Member of the Legislative Council
- In office 1929–1937
- Constituency: Western (European)

Personal details
- Born: 4 January 1882 Levuka, Fiji
- Died: 12 January 1963 (aged 81)
- Profession: Businessman

= John Percy Bayly =

Fijian businessman, politician and philanthropist

John Percival Bayly (4 January 1882 – 12 January 1963) was a Fijian businessman, politician and philanthropist.

==Biography==
Bayly was born in Levuka in 1882. He was educated at King's College in Auckland, before returning to Fiji to work for HM Customs. He resigned from HM Customs at the age of 18 when a policy for £1,000 taken out by his father matured, starting a business as a land agent, mostly buying land for cattle farms, and settled in Deuba. He started several new projects, including introducing rubber trees.

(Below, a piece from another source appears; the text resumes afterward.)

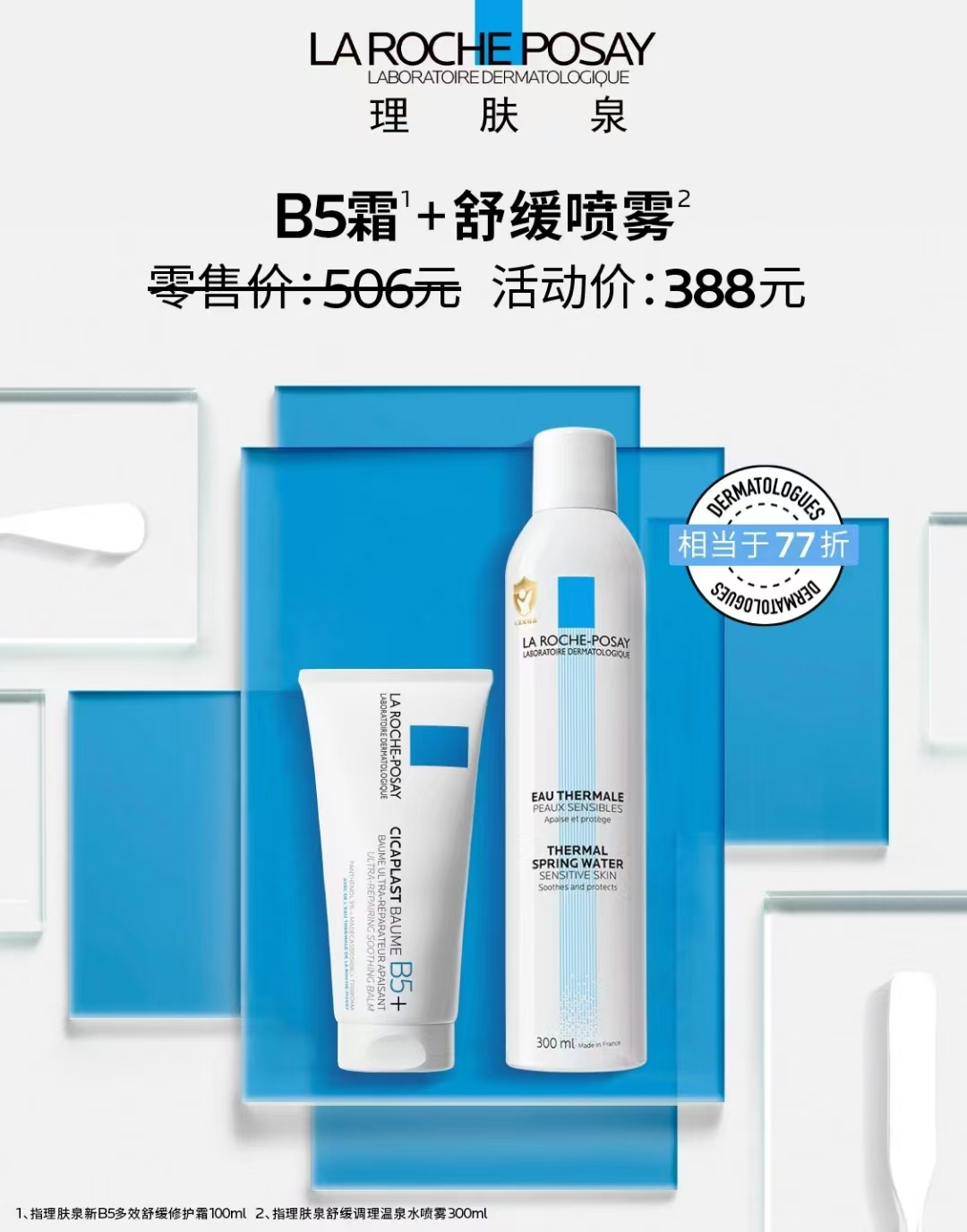 >>理肤泉新B5多效舒缓修护霜100ml+舒缓喷雾
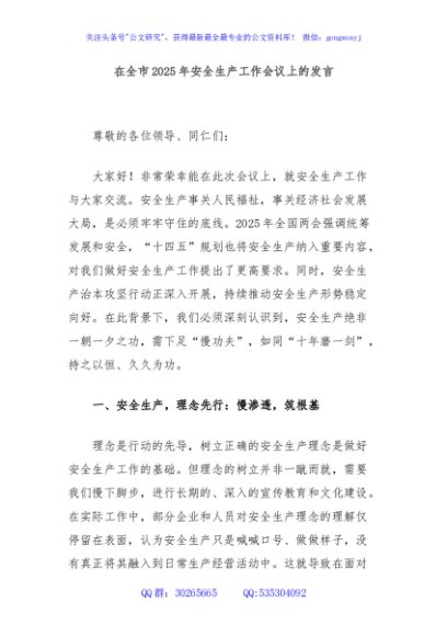 / 在全市2025年安全生产工作会议上的发言

Despite being the wealthiest man in Fiji, Bayly was known for his austere lifestyle, eschewing social life, never marrying and using boxes instead of tables and chairs at home. Having become a millionaire, he used his wealth to set up the J P Bayly Trust in 1954. The trust built a medical centre, the Bayly Clinic, which opened the same year. When he died in 1963, all his assets and land holdings were left to the trust.

===Political career===
Bayly contested the Western constituency in the 1920 Legislative Council elections, but was defeated by Charles Wimbledon Thomas. He did not run in 1923 or 1926, but returned to contest the Western seat again in the 1929 elections, beating Thomas by nine votes and the incumbent Percival William Faddy by 35. Bayly was subsequently returned unopposed in the 1932 elections.

Prior to the 1937 elections, the constituencies were redrawn and the number of elected Europeans reduced from three to six. Bayly contested the Northern and Western seat, but was beaten by Hugh Ragg, who had previously held the Northern seat. After sitting out the 1940 elections, Bayly again ran for the Northern and Western seat in the 1944 elections, but was defeated by Ragg. In the 1947 elections he was beaten by Maurice Scott, and subsequently did not run for election again.

Bayly was an advocate of opening the franchise to ethnic Fijians, who were not able to vote until 1963, and even travelled to the UK with Alport Barker at his own expense to make the case to British authorities.